MRI imaging showed right mastoiditis and sigmoid sinus thrombosis extending to IJV with features of myositis and cellulitis of neck muscles. HRCT Temporal bone was done which showed only minimal mastoiditis without any evidence of bone erosion. The patient was put on empirical high end broad spectrum antibiotics. A repeat imaging was done and it showed a spreading cellulitis and thrombosis of right internal jugular vein with retropharyngeal space involvement. Neck exploration and IJV ligation was done.

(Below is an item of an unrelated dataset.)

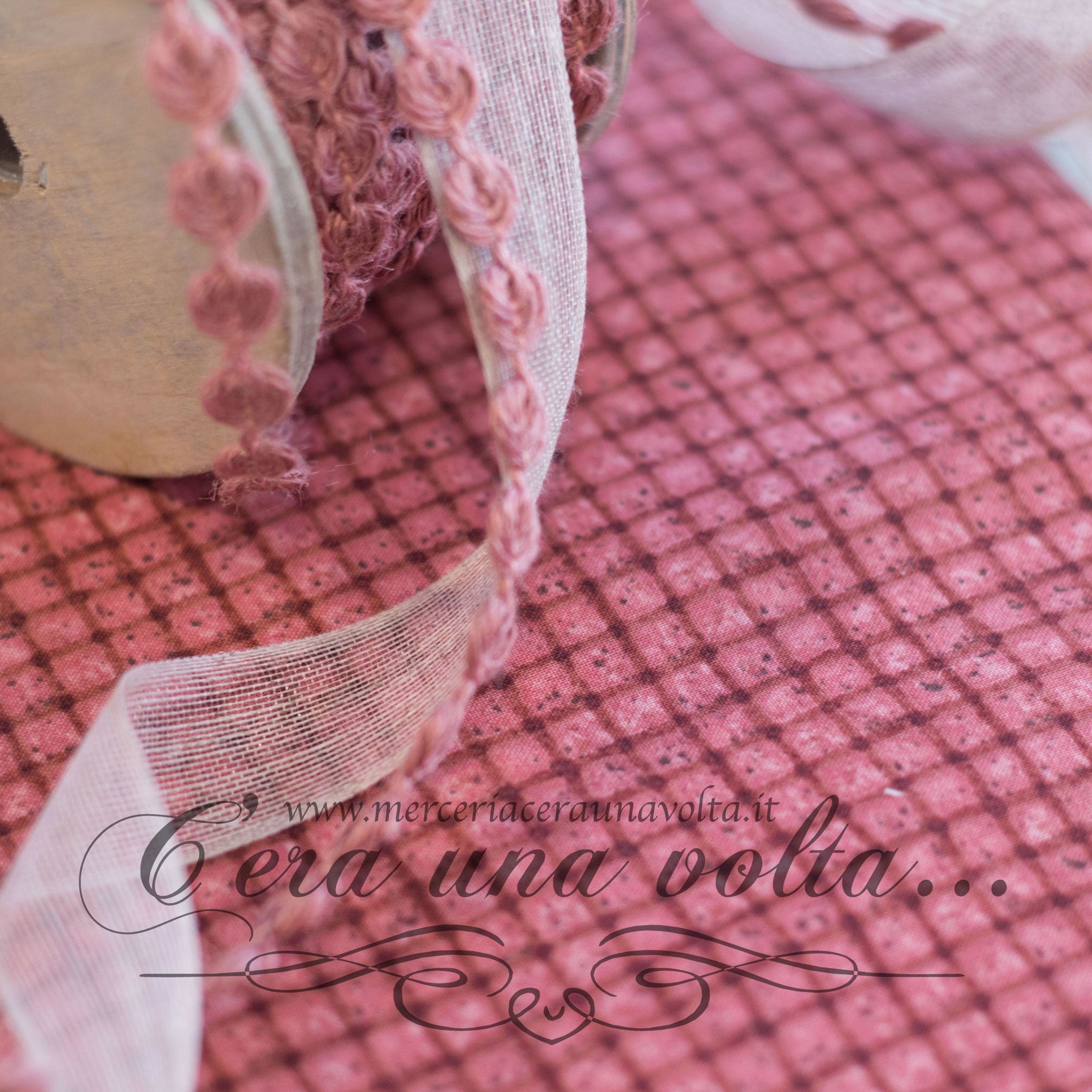 Caratteristica stampa country, in questo tessuto in cotone color Porpora, spezzato da righe Vinaccia, bellezza e semplicità in stile rustico...

Post operatively after initial 72 h of improvement, his condition again deteriorated with spreading facial cellulitis, chemosis of right eye and ophthalmoplegia. Hematology consultation was sought in view of total count reaching 49,000. The histopathology report arrived on 4th day, surprisingly showing mucor in the peripheral rim of fat tissue around lymph node with features of necrosis in periphery. Hence the diagnosis of invasive mucormycosis of neck was reached.

Parenteral liposomal amphotericin B 5 mg/kg/day along with oral posaconazole 4?×?200 mg/kg/dose were started. Extensive surgical debridement and antifungal therapy being the only option, there was a dilemma as to how to debride the neck further. Staged debridements under LA were continued till disease free limits were attained. The debridement was carried out till atlas and around the foramen magnum which was the end point of dissection. He was given tigecycline during the course of his treatment as he developed multidrug resistant Klebsiella pneumonia, following which he developed tigecycline induced arrhythmia and cardiac arrest which was treated by cardiology team. He underwent feeding jejunostomy for long term nutritional requirements.

Finally after 3 weeks, reasonably good dry granular superficial wound without microbial activity was attained which was confirmed by repeated swab cultures.